Exercise objective ▸
Give the lines below again exactly, starting with the line that holds "Если rar не" and going on through the line that holds "Monika im roten".

[Source records Boundary: Start]

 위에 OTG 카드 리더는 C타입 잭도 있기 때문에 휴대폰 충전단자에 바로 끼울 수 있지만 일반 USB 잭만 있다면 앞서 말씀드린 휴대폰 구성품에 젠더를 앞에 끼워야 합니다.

[Source records Boundary: End]
[Source records Boundary: Start]

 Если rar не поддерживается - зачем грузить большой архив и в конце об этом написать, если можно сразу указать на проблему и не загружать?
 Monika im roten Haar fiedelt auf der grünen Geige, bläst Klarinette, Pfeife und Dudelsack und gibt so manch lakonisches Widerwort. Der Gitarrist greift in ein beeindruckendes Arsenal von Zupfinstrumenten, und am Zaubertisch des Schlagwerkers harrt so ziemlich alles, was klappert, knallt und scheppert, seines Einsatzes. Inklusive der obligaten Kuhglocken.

[Source records Boundary: End]
[Source records Boundary: Start]

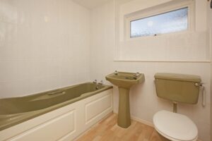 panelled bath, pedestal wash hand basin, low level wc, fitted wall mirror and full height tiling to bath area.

[Source records Boundary: End]

Exercise output ▸
 Если rar не поддерживается - зачем грузить большой архив и в конце об этом написать, если можно сразу указать на проблему и не загружать?
 Monika im roten Haar fiedelt auf der grünen Geige, bläst Klarinette, Pfeife und Dudelsack und gibt so manch lakonisches Widerwort. Der Gitarrist greift in ein beeindruckendes Arsenal von Zupfinstrumenten, und am Zaubertisch des Schlagwerkers harrt so ziemlich alles, was klappert, knallt und scheppert, seines Einsatzes. Inklusive der obligaten Kuhglocken.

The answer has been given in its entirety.